▶ [WHAT YOU WILL DO] Which lines below mention "like"? Pick each one out.

▶ [MATERIAL TO PROCESS]
------------------------

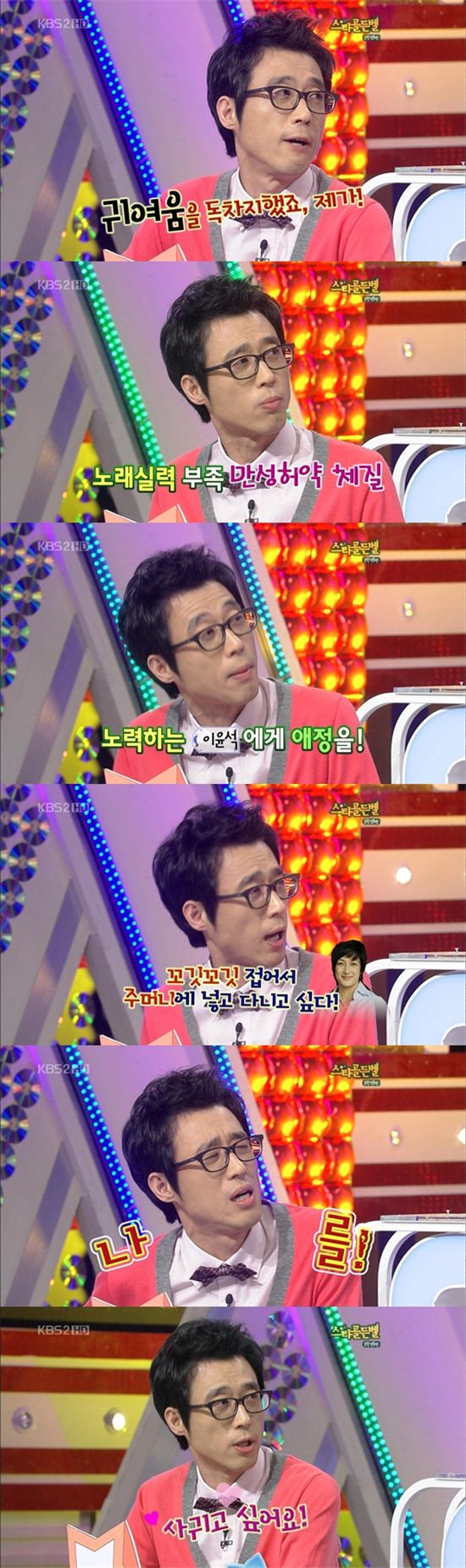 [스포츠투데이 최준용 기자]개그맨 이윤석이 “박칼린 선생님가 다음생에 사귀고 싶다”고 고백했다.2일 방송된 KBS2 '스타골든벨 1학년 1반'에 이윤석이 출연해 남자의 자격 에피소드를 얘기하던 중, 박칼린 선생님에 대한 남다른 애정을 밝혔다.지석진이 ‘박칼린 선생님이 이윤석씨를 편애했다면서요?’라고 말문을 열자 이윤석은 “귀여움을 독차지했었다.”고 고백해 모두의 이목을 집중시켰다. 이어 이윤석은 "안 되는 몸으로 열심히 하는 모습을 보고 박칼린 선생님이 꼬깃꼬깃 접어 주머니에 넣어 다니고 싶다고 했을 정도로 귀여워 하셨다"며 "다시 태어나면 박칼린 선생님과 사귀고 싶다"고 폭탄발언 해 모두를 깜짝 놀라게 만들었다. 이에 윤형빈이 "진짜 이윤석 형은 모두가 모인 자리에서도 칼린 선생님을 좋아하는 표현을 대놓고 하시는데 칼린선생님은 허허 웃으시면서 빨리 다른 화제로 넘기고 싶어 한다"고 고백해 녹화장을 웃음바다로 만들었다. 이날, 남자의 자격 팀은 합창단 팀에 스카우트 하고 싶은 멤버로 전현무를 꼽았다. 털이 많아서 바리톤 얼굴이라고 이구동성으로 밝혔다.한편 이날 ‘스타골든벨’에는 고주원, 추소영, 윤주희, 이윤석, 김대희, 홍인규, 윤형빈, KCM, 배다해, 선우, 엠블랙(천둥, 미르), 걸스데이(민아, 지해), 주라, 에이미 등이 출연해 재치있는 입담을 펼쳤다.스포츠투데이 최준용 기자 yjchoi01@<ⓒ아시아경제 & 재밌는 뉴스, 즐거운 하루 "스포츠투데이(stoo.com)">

------------------------

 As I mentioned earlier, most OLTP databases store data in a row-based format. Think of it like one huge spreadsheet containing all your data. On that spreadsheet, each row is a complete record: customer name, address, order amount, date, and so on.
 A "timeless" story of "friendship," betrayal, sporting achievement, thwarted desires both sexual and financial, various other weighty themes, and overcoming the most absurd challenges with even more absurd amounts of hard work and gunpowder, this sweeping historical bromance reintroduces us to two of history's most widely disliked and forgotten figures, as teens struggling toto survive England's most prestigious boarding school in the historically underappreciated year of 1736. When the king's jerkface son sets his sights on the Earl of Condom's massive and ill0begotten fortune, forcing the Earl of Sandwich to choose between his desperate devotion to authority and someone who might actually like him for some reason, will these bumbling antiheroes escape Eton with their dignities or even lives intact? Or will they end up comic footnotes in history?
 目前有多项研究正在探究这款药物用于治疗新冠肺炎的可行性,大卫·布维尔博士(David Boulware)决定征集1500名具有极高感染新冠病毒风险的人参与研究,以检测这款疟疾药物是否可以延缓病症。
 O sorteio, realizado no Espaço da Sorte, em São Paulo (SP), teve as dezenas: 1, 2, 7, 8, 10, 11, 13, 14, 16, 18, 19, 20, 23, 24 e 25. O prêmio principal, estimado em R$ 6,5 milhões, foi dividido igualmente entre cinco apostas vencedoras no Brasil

------------------------

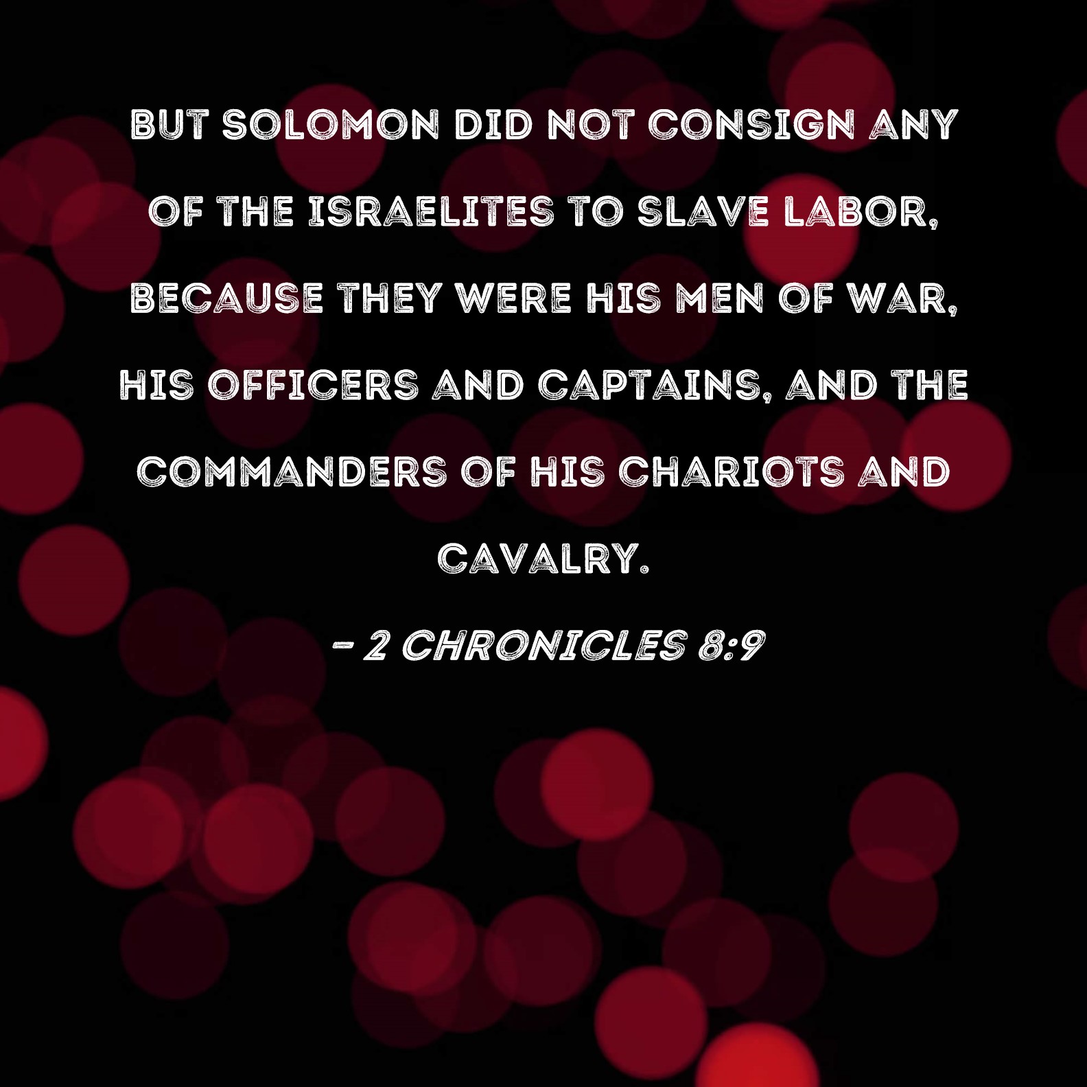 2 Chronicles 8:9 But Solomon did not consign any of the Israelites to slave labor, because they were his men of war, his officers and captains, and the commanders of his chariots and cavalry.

------------------------

▶ [TASK SOLUTION]
 As I mentioned earlier, most OLTP databases store data in a row-based format. Think of it like one huge spreadsheet containing all your data. On that spreadsheet, each row is a complete record: customer name, address, order amount, date, and so on.
 A "timeless" story of "friendship," betrayal, sporting achievement, thwarted desires both sexual and financial, various other weighty themes, and overcoming the most absurd challenges with even more absurd amounts of hard work and gunpowder, this sweeping historical bromance reintroduces us to two of history's most widely disliked and forgotten figures, as teens struggling toto survive England's most prestigious boarding school in the historically underappreciated year of 1736. When the king's jerkface son sets his sights on the Earl of Condom's massive and ill0begotten fortune, forcing the Earl of Sandwich to choose between his desperate devotion to authority and someone who might actually like him for some reason, will these bumbling antiheroes escape Eton with their dignities or even lives intact? Or will they end up comic footnotes in history?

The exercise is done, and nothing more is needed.